Disruptive selection selects for both extremes on the spectrum to the exclusion of the moderate trait in the distribution. But there's also a form of selection that is the opposite of disruptive selection; it's called stabilizing selection. Stabilizing selection is observed under circumstances where selection is favoring the moderate set of traits in a distribution to the exclusion of the extremes.

For this story, we once again turn to the wondrous class Insecta, where insects have learned to make a home in some of the most ingenious ways possible. In the world of gall flies, life begins when a female gall fly lays an egg in the stem of a suitable host plant. The developing larva induces the plant to form a spherical growth around it called a gall, which protects the developing fly's squishy body and provides it with all the food it needs to reach adulthood—unless a parasitic wasp shows up and attempts to lay eggs on the developing gall fly.

If this happens, the developing wasp kills the fly and takes over its living space. This is easiest to do with small galls because the wasp has to stick its thin egg-laying tube through the gall to access the developing fly. A large gall forms enough of a barrier between the gall fly and the wasp's egg-laying tube that it can't quite make it, so this selects for larger galls and would promote directional selection, all other factors in the environment being equal.

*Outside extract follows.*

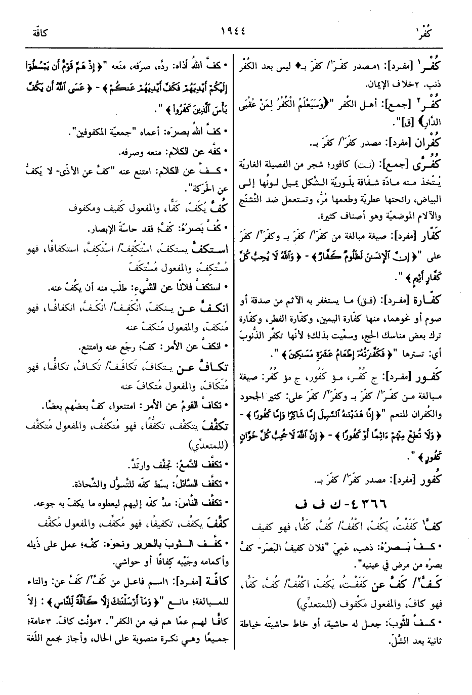 -[1945]- المصري تعريفها "أوصى بأمواله كافَّة للفقراء: كامِلة، كُلّها- حلّ مقبول من كافَّة الأطراف المعنيّة- {وَمَا أَرْسَلْنَاكَ إلاَّ كَافَّةً لِلنَّاسِ بَشِيرًا وَنَذِيرًا} - {ادْخُلُوا فِي السِّلْمِ كَافَّةً} ".

But what happens when keen-eyed birds are introduced? Well, large galls become an easy meal for them because they're conspicuous in the environment. This creates a situation where small galls are selected against, as are large ones, ensuring that the medium-sized galls are favored. To remember what this distribution looks like, I tell myself that the trait distribution is being stabilized by pressure on both sides.

Environmental change can be pretty diverse. Without the incredible adaptive powers of natural selection, our dynamic world would be unsuitable for the unpredictability that is life as we know it.